A blog on statistics, methods, philosophy of science, and open science. Understanding 20% of statistics will improve 80% of your inferences.

Friday, May 20, 2016

Absence of evidence is not evidence of absence: Testing for equivalence

See the follow up post where I introduce my R package and spreadsheet TOSTER to perform TOST equivalence tests, and link to a practical primer on this topic. 

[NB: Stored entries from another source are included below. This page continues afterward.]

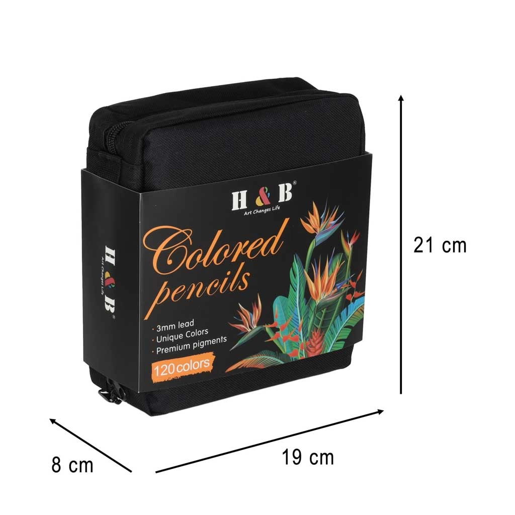 Otkrijte kompletnu kolekciju od 120 obojenih olovaka u praktičnom etuiju s patentnim zatvaračem. Nudi širok izbor nijansi za crtanje, bojenje i skiciranje. U kompletu su gumica i šiljilo, sve pregledno organizirano za lako prenošenje i brz odabir boje.
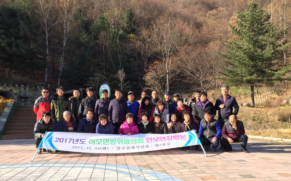|  | | | ⓒ 김천내일신문 | | 김천시 어모면 방위협의회(회장 편재관)에서는 11월 14일 강원 양구로 안보현장 답사를 다녀왔다. 이 날 이른 아침부터 모인 방위협의회 회원들은 안보 체험을 위해 양구 제4땅굴과 전쟁기념관, 을지전망대를 관람하며 북한의 여러 도발로부터 대한민국을 굳건히 지켜낸 호국현장의 생생한 기운을 다시 한번 느낄수 있는 뜻깊은 시간을 가졌다. 이정하 어모면장은 “최근 북한의 미사일 발사, 북핵 위협 등으로 국가안보가 어느 때보다 중요한 시기에 오늘의 안보 현장 답사를 통해 방위협의회 회원들이 단합하고 안보태세를 더욱 강하게 갖출 수 있는 계기가 되기를 바란다.”고 말했다.
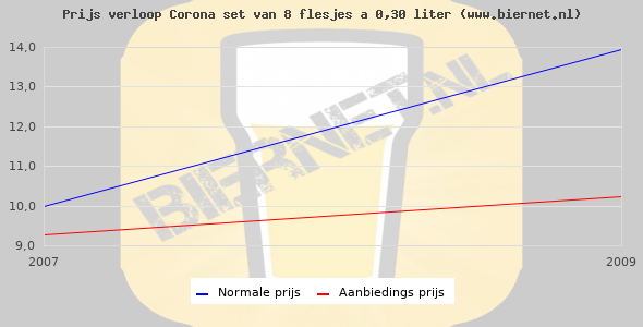 De gemiddelde prijs van een set van 8 flesjes á 0,30 liter van Corona is niet bekend. De gemiddelde prijs van Corona in de winkel is niet bekend.
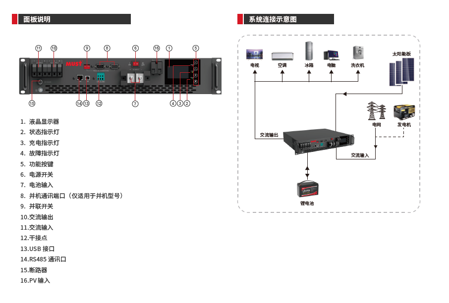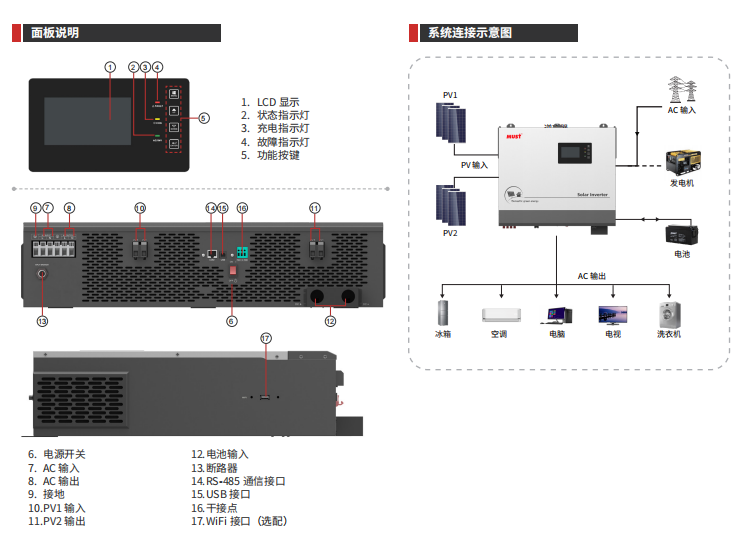 - 具有多模式設(shè)置功能,可通過 LCD 屏選擇設(shè)置光伏、市電、電池的優(yōu)先等級(jí)

When you find p > 0.05, you did not observe surprising data, assuming there is no true effect. You can often read in the literature how p > 0.05 is interpreted as ‘no effect’ but due to a lack of power the data might not be surprising if there was an effect. In this blog I’ll explain how to test for equivalence, or the lack of a meaningful effect, using equivalence hypothesis testing. I’ve created easy to use R functions that allow you to perform equivalence hypothesis tests. Warning: If you read beyond this paragraph, you will never again be able to write “as predicted, the interaction revealed there was an effect for participants in the experimental condition (p < 0.05) but there was no effect in the control condition (F < 1).” If you prefer the veil of ignorance, here’s a nice site with cute baby animals to spend the next 9 minutes on instead.

Any science that wants to be taken seriously needs to be able to provide support for the null-hypothesis. I often see people switching over from Frequentist statistics when effects are significant, to the use of Bayes Factors to be able to provide support for the null hypothesis. But it is possible to test if there is a lack of an effect using p-values (why no one ever told me this in the 11 years I worked in science is beyond me). It’s as easy as doing a t-test, or more precisely, as doing two t-tests.

The practice of Equivalence Hypothesis Testing (EHT) is used in medicine, for example to test whether a new cheaper drug isn’t worse (or better) than the existing more expensive option. A very simple EHT approach is the ‘two-one-sided t-tests’ (TOST) procedure (Schuirmann, 1987). Its simplicity makes it wonderfully easy to use.

The basic idea of the test is to flip things around: In Equivalence Hypothesis Testing the null hypothesis is that there is a true effect larger than a Smallest Effect Size of Interest (SESOI; Lakens, 2014). That’s right – the null-hypothesis is now that there IS an effect, and we are going to try to reject it (with a p < 0.05). The alternative hypothesis is that the effect is smaller than a SESOI, anywhere in the equivalence range - any effect you think is too small to matter, or too small to feasibly examine. For example, a Cohen’s d of 0.5 is a medium effect, so you might set d = 0.5 as your SESOI, and the equivalence range goes from d = -0.5 to d = 0.5 In the TOST procedure, you first decide upon your SESOI: anything smaller than your smallest effect size of interest is considered smaller than small, and will allow you to reject the null-hypothesis that there is a true effect. You perform two t-tests, one testing if the effect is smaller than the upper bound of the equivalence range, and one testing whether the effect is larger than the lower bound of the equivalence range. Yes, it’s that simple.

Let’s visualize this. Below on the left axis is a scale for the effect size measure Cohen’s d. On the left is a single 90% confidence interval (the crossed circles indicate the endpoints of the 95% confidence interval) with an effect size of d = 0.13. On the right is the equivalence range. It is centered on 0, and ranges from d = -0.5 to d = 0.5.

We see from the 95% confidence interval around d = 0.13 (again, the endpoints of which are indicated by the crossed circles) that the lower bound overlaps with 0. This means the effect (d = 0.13, from an independent t-test with two conditions of 90 participants each) is not statistically different from 0 at an alpha of 5%, and the p-value of the normal NHST is 0.384 (the title provides the exact numbers for the 95% CI around the effect size). But is this effect statistically smaller than my smallest effect size of interest?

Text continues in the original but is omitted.